Unfortunately, many of her goods at Sotheby’s did not attract the same rapt attention as did Mr Patiño’s. Much of it was of the Louis XIV period (which has a much more limited market than Louis XVI furniture), and in contrast to the freshness of the Patiño lots, had mostly been recently bought at high prices. Dealers felt they could be choosy, passing several highly touted lots, including a Louis XIV Boulle marquetry writing table (which some believed to have been extensively altered), unsold at $325,000 (est. $400-600,000) and a set of four Louis XVI ormolu-mounted Boulle marquetry cabinets (est. $400-600,000) which failed at $250,000. Luckier fates awaited the Louis XIV Boulle marquetry console, sold to a telephone bidder under-estimate for $675,000 (£375,000) (est. $800-1.2 million), a small Louis XIV ormolu-mounted Boulle bureau plat around 1700-1710, sold to Bernard Steinitz for $850,000 (£472,200) (est. $1-1.5 million), a simple Louis XV tulipwood marquetry table à écrire by Bernard van Risamburgh, sold to Partridge for $460,000 (£255,500) (est. $400-600,000) and the skeleton of a charming Louis XVI giltwood lit à la polonaise around 1780 (est. $100-150,000), a form not often seen at auction, which went to a phone bidder for $440,000 (£244,400). The most successful of Mrs Johnson’s consignments was a large Louis XIV Savonnerie carpet of around 1670. Depicting swags of flowers interspaced between Berain-inspired cartouches and masks, it was in remarkably fine condition, its rich oranges and deep blues unfaded. Although the carpet’s original owner is still unknown, the recipient must have been highly considered, since all the Savonnerie workshops were monopolised by the King during this time for making carpets for the Louvre. As there is at present in the United States an embargo against Iranian carpets, it has been suggested that renewed attention is being given to European examples.
An Empire Aubusson pile carpet around 1810 with rewoven areas brought $270,000 (£150,000) at the Patiño sale (est. $60-80,000) and even an attractive late nineteenth-century Louis XVI style Savonnerie carpet (est. $40-60,000) brought $220,000 (£120,500). Estimated at $700-900,000, the Johnson carpet was special, and after fierce bidding sold to a New York dealer (acting for a private collector) for $1.2 million (£672,200) (underbid by Maurice Segoura, who had sold the carpet to Mrs Johnson), a world record price for a carpet at auction.

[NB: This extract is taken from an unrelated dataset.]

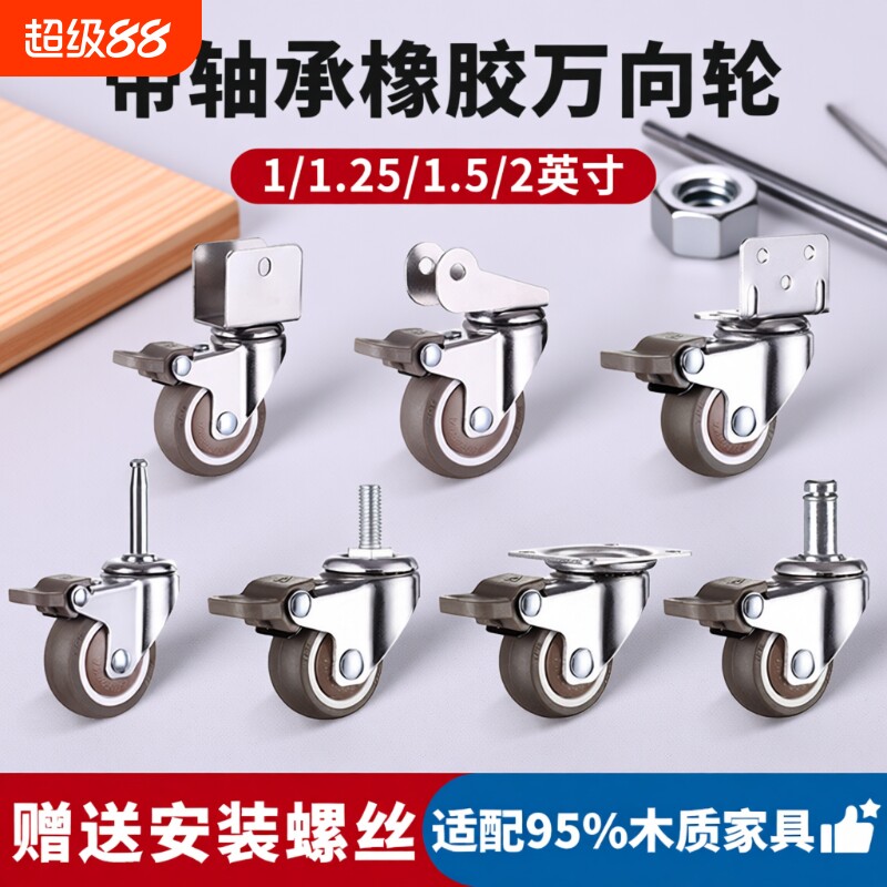 1寸滑轮滚轮橡胶轮轮子配件小万向轮静音2寸脚轮承重移动推车丝杆

1.1 million for Johnson desk
london. Coinciding with the Grosvenor House Antiques Fair, Christie’s 11 June Important French and Continental Furniture, Carpets and Tapestries sale was guaranteed a full room, although a number of the most important lots were in fact sold on the telephone or on commission bids. Few important pieces were unsold and the overall sold percentage was 82% by value. Alistair Clarke of Christie’s furniture department expressed satisfaction that the market had held up in the light of the considerable quantity of important French furniture which has already been offered this season. He pointed to a high percentage of private buyers, willing to spend on top quality pieces while French trade purchasers were conspicuously absent due to lack of funds.
The sale was notable both in content and in consignors: more pieces from the collection of Mrs Barbara Johnson; a number of lots from the Luton Hoo Wernher family collection; from John Kluge; and sixty lots from the Meikleour Estate Trust which comprises the celebrated collection of furniture assembled in the first half of the nineteenth century by the comte de Flahaut de la Billarderie, natural son of Talleyrand, and his wife, Margaret, Baroness Keith and Nairne.
Rather neatly, the sale’s top lot, Mrs Johnson’s bureau plat by Leleu, which sold on a commission bid at £1.1. million ($2 million; estimate in excess of £750,000), had been purchased by her from Christie’s for £300,000 in 1981, where it had been consigned from Meikleour, having formed part of the original collection. Conceived in the most advanced taste of the period, the bureau is most closely comparable to a suite of furniture supplied by Leleu to the prince de Condé at the Palais Bourbon between 1772 and 1777.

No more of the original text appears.